◆ ASSIGNMENT ◆
All of the data below should be returned exactly.

◆ GIVEN RECORDS ◆
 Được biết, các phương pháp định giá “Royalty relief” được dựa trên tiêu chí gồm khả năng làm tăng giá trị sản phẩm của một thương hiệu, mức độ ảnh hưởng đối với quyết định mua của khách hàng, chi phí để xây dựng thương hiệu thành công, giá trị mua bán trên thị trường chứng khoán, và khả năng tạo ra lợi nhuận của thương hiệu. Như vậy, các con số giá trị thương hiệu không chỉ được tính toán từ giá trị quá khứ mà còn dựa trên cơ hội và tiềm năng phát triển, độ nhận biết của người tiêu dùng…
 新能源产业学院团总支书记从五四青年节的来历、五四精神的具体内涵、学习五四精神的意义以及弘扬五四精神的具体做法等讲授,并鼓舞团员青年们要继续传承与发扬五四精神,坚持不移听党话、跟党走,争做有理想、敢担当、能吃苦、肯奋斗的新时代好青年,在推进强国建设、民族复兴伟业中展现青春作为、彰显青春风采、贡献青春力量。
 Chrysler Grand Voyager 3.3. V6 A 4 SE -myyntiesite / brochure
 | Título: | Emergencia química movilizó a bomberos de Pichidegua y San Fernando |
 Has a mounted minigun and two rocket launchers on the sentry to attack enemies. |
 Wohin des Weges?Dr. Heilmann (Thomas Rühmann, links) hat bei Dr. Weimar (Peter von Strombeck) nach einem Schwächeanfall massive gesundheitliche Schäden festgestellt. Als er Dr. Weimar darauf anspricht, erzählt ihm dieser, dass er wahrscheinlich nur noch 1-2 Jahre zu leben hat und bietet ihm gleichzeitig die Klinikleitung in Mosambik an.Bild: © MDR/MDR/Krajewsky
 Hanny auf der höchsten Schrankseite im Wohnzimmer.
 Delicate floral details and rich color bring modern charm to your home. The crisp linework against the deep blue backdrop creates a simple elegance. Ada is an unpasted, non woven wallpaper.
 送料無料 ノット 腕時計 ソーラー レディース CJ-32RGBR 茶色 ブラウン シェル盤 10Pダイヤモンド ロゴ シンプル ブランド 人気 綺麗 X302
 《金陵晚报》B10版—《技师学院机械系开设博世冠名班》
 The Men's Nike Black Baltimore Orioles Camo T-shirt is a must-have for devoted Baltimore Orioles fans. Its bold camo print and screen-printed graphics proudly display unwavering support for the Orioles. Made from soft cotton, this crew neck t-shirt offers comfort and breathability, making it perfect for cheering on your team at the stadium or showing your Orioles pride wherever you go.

◆ WRITTEN SOLUTION ◆
 Được biết, các phương pháp định giá “Royalty relief” được dựa trên tiêu chí gồm khả năng làm tăng giá trị sản phẩm của một thương hiệu, mức độ ảnh hưởng đối với quyết định mua của khách hàng, chi phí để xây dựng thương hiệu thành công, giá trị mua bán trên thị trường chứng khoán, và khả năng tạo ra lợi nhuận của thương hiệu. Như vậy, các con số giá trị thương hiệu không chỉ được tính toán từ giá trị quá khứ mà còn dựa trên cơ hội và tiềm năng phát triển, độ nhận biết của người tiêu dùng…
 新能源产业学院团总支书记从五四青年节的来历、五四精神的具体内涵、学习五四精神的意义以及弘扬五四精神的具体做法等讲授,并鼓舞团员青年们要继续传承与发扬五四精神,坚持不移听党话、跟党走,争做有理想、敢担当、能吃苦、肯奋斗的新时代好青年,在推进强国建设、民族复兴伟业中展现青春作为、彰显青春风采、贡献青春力量。
 Chrysler Grand Voyager 3.3. V6 A 4 SE -myyntiesite / brochure
 | Título: | Emergencia química movilizó a bomberos de Pichidegua y San Fernando |
 Has a mounted minigun and two rocket launchers on the sentry to attack enemies. |
 Wohin des Weges?Dr. Heilmann (Thomas Rühmann, links) hat bei Dr. Weimar (Peter von Strombeck) nach einem Schwächeanfall massive gesundheitliche Schäden festgestellt. Als er Dr. Weimar darauf anspricht, erzählt ihm dieser, dass er wahrscheinlich nur noch 1-2 Jahre zu leben hat und bietet ihm gleichzeitig die Klinikleitung in Mosambik an.Bild: © MDR/MDR/Krajewsky
 Hanny auf der höchsten Schrankseite im Wohnzimmer.
 Delicate floral details and rich color bring modern charm to your home. The crisp linework against the deep blue backdrop creates a simple elegance. Ada is an unpasted, non woven wallpaper.
 送料無料 ノット 腕時計 ソーラー レディース CJ-32RGBR 茶色 ブラウン シェル盤 10Pダイヤモンド ロゴ シンプル ブランド 人気 綺麗 X302
 《金陵晚报》B10版—《技师学院机械系开设博世冠名班》
 The Men's Nike Black Baltimore Orioles Camo T-shirt is a must-have for devoted Baltimore Orioles fans. Its bold camo print and screen-printed graphics proudly display unwavering support for the Orioles. Made from soft cotton, this crew neck t-shirt offers comfort and breathability, making it perfect for cheering on your team at the stadium or showing your Orioles pride wherever you go.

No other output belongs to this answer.